We know many nonprofits depend on annual events to raise money, and virtual events might take some trial and error. Organizations may have to hold smaller, more frequent fundraisers to close their fundraising gaps, or get creative in moving existing events online. The good news is that grassroots donors still want to make a positive difference in the world by supporting you! We came up with some questions to help you think about what kind of virtual fundraising event is right for your nonprofit:

  • What are your values?

  • If you don’t have a nonprofit values statement, think about what values enable your work. What’s important and meaningful to you and your nonprofit? As an example, a direct service organization could say they value the shared empathy and empowerment of their staff, volunteers, and clients. An education nonprofit might say they value equitable access to learning opportunities.

  • What tone has your organization or organizational leadership set?

  • Who does your nonprofit serve? Consider how your nonprofit speaks with your community, how leadership shows up in external meetings, and the tone of your conversations with clients or constituents. For example, are your online and offline communications calm, energetic, action-oriented, or formal? How do you define your voice?

  • Why do your supporters trust you to do this work?

  • Who are your supporters, and why do they trust you to do this work? Maybe you’ve been working toward your mission longer than any other organization in the sector.

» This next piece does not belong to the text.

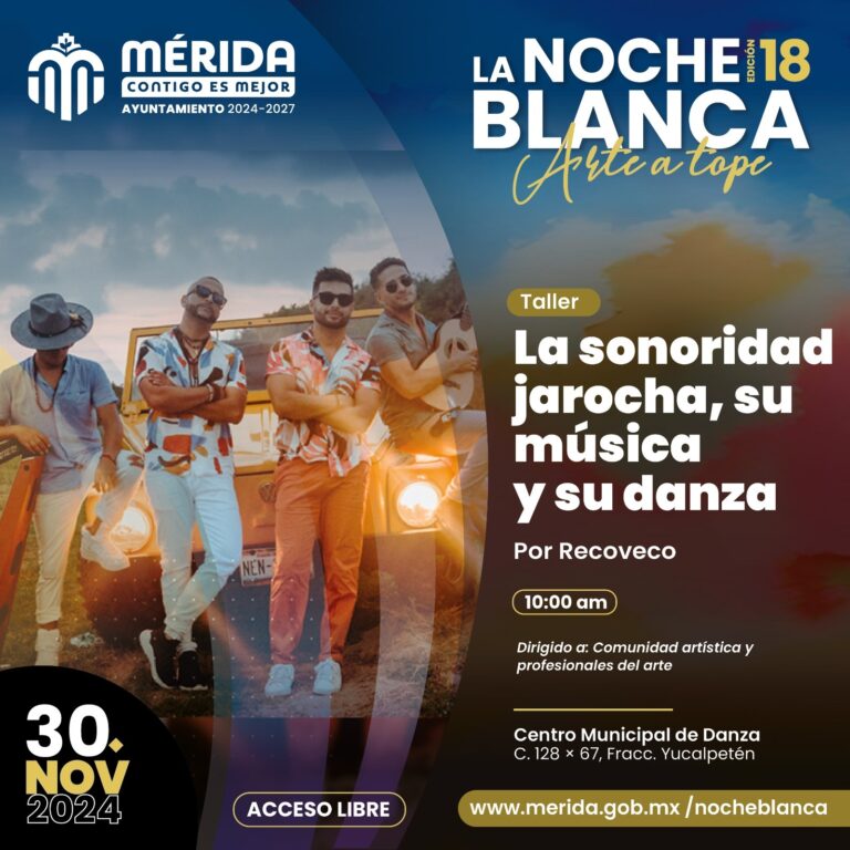 Mérida, Yucatán a 27 de noviembre de 2024.- Además de disfrutar el arte a tope, La Noche Blanca y La Víspera ofrecerán la oportunidad de conocer nuevas experiencias musicales con los grupos Recoveco y Sonoras Mil.
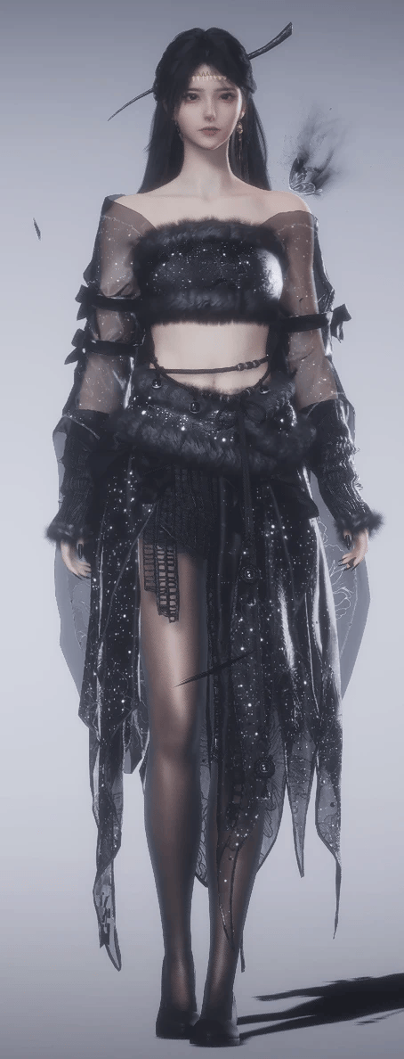 衣服透明,露背绑带,裙短不盖膝,背后一个蝴蝶结,角色在跑动时甚至会出现无裤穿模的问题……

Or maybe you were recently formed to address a shortcoming you noticed in a particular area. For the former example, a nonprofit could give a virtual history lesson and talk about how their work has progressed and how they want it to grow in the future. For a new nonprofit, you could do a virtual Q&A with one of your earliest funders and talk about how your work fills the gap. Think about what value you bring to supporters, and make a celebration of it!

  • What are your needs?

  • How much money do you need to fund your work for the next quarter? If all your attendees donated $5, how many attendees would you need to meet your goal? Will you need to sell tickets through an event form beforehand? Or would volunteer commitments be as valuable as donations right now?

  • What do your values, tone, supporter trust, and needs add up to?

  • Maybe you’re a small conservation organization trying to give people a behind-the-scenes look, so you stream a laid-back tour of the buildings or land you preserve and talk about what goes into maintaining them. Or if you’re a longstanding direct service organization, you could ask a founding member to make a video explaining why they founded the nonprofit and how it’s grown.

    Can’t decide between virtual event ideas? Ask your advocates what they think! Create a poll on Twitter or Facebook, or send out an email to staff and volunteers asking for input.


Whatever kind of virtual event you decide on, if you film it on Facebook or YouTube you can embed it on a contribution form so attendees can donate without navigating away from your video!

Once you have an idea for a virtual event, use this checklist for tips on making it go as smoothly as possible. Click these links for guides on using Facebook Livestreams, Facebook video, and YouTube videos, which can all be embedded on our contribution forms. Livestreams are a great option for interactive Q&As!

Afterward, download the data from your event’s contribution form and send folks who attended a heartfelt thank you email. If you’re looking for feedback on your event or more ideas for future events, this is also an opportunity to ask your supporters questions to keep the conversation going!

More ideas for virtual events:

  • An organization with a longstanding history in the community could have someone sort through historic materials on camera while explaining how their work has adapted to meet the community’s needs.
  • Organizations with a strong emphasis on self-care could film a series of videos on mindfulness, self-care arts and crafts, or host a virtual dance-a-thon.
  • Does your nonprofit have nutritional programming or enthusiastic home cooks on staff? Consider giving virtual cooking lessons with a suggested donation!
  • Nonprofits urgently in need of funds could hold a virtual fundraising race using supporter forms and make daily announcements on who’s in the lead, with consent from supporters. Try making it fun by having your announcer dress up in formal wear or as a mascot for your organization and film their announcements!
  • A newly formed organization could get some of its founding members together (virtually) to discuss why they felt it was important to do this work now, and how they hope to serve their community.